III. È di indicibile conforto sapere che la terribile preghiera che Pietro fece per ignoranza non ebbe mai risposta. Cristo non si è allontanato da lui. Grazie a Dio, sa quando rifiutare una preghiera. Non lascia mai coloro che sono solo ignoranti. Al contrario, Cristo ha subito dato a Pietro qualcosa di più del perdono. Gli diede l'incarico che gli assicurò il perdono: "Non temere, d'ora in poi catturerai uomini". Coloro che hanno sempre temuto di perdere l'amore di colui il cui amore apprezzavano di più, comprenderanno meglio la delicatezza e la bellezza di questo modo di trattare un discepolo scoraggiato.
J. Vaughan, Cinquanta sermoni, 1874, p. 209.
Considera ciò che potrebbe indurre San Pietro a desiderare che il Signore se ne andasse e si allontanasse da lui; ciò che poteva significare, e ciò che poteva sentire, che dovrebbe farlo rifuggire da Cristo, e anzi, in ginocchio, pregarlo di andarsene e lasciarlo, proprio nel momento in cui aveva mostrato così segnale una prova della Sua Potenza e bontà divina.
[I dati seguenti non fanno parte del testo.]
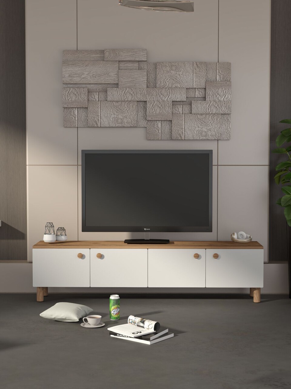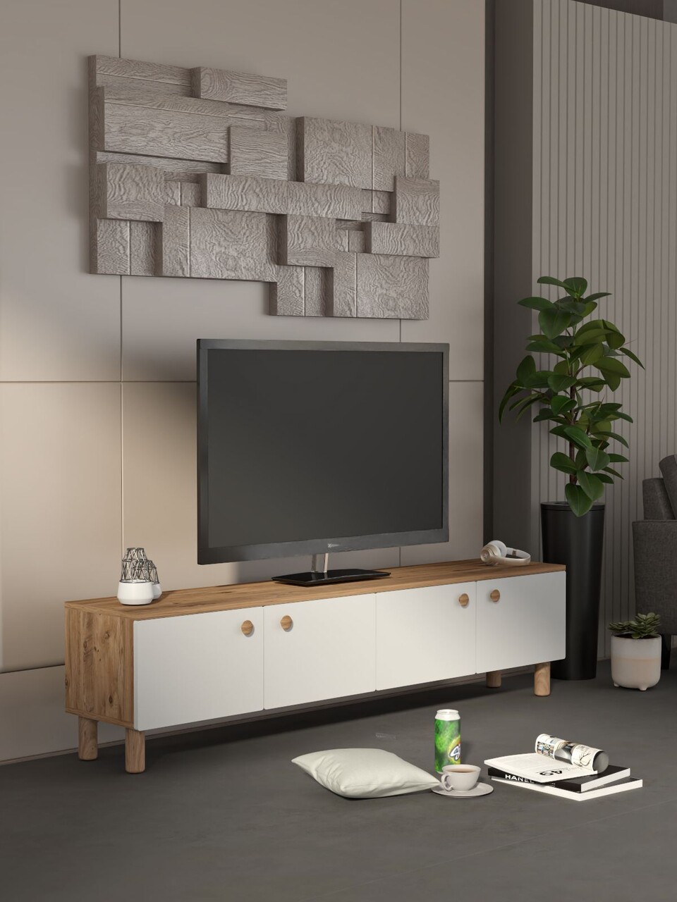 Comoda TV, Hanah Home, Norvella, 180x47x35 cm, PAL, Pin Atlantic / Alb

I. Le parole di san Pietro nel testo erano la naturale esclamazione di meraviglia; e con meraviglia un naturale ritrarsi da Uno così buono, così santo, così potente e così divino. Credo che Pietro si sentì come se dicesse: "Tu sei troppo buono, troppo grande per me per essere vicino a te. Fa' che io sia tuo discepolo più lontano. Non venire da me, io non sono abbastanza buono per la tua compagnia vicina. Vattene da Me. Mi allontano, con disagio e angoscia d'animo, dalla Tua presenza più vicina.
«Credo che questo sia il vero racconto del senso di san Pietro, e del sentimento con cui parlava; e se è così, mi sembra molto comune. Gli uomini, consapevoli del peccato, consapevoli della debolezza, e non molto seriamente, in questo modo rifuggire da Dio. È possibile che il loro ritrarsi possa sembrare a loro stessi come modestia e umiltà, ma è un ritrarsi da Dio, e può essere estremamente grave nelle sue conseguenze .
Nella sua forma più estrema non è altro che la stessa cosa che le povere creature, possedute con diavoli nel paese dei Gergeseni, gridarono: "Che abbiamo a che fare con te, Gesù, figlio di Dio? Sei venuto qui tormentarci prima del tempo?"
II. Ma segna la differenza in questi due casi. Nell'uno, l'uomo si ritrae completamente da Dio, fugge da Lui, non crederà al suo amore; è sicuro di essere irrimediabilmente perduto e rovinato, cade nella disperazione e in quella terribile incoscienza del vivere impuro che è la caratteristica della disperazione. E così cade in una ribellione completa e senza speranza, e la sua fine è la totale perdita e morte. Nell'altro caso, l'uomo, penetrato dal senso della sua indegnità e del suo peccato, si ritrae anche, o almeno è tentato di ritrarsi, lontano da Dio; si sente disposto a piangere, con S.
Pietro: "Allontanati da me, perché io sono un peccatore, o Signore". Ma sa che non deve cedere a una simile tentazione. Ben presto ricorda e si pente del suo grido infedele. Impara per grazia a fidarsi dell'amore del suo Salvatore. Impara a pentirsi di aver ceduto, come è stato, alla tentazione di ritrarsi. Potrebbe esserci stata qualche somiglianza nel sentimento originale dei due, ma l'uno è finito nella disperazione e l'altro nell'alto stato di un apostolo prediletto, uno dei seggi principali nell'eterno regno di gloria.
G. Moberly, Sermoni parrocchiali, p. 180.
Riferimenti: Luca 5:8 . G. Calthrop, Parole dette ai miei amici, p. 239; Vescovo Lightfoot, Pulpito del mondo cristiano, vol. vi., pag. 177; J. Martineau, Sforzi dopo la vita cristiana, p. 147; FW Robertson, La razza umana e altri sermoni, p. 125; GEL Cotton, Sermoni e discorsi al Marlborough College, p. 9. Luca 5:10 . Pulpito della Chiesa d'Inghilterra, vol. iv., pag. 54.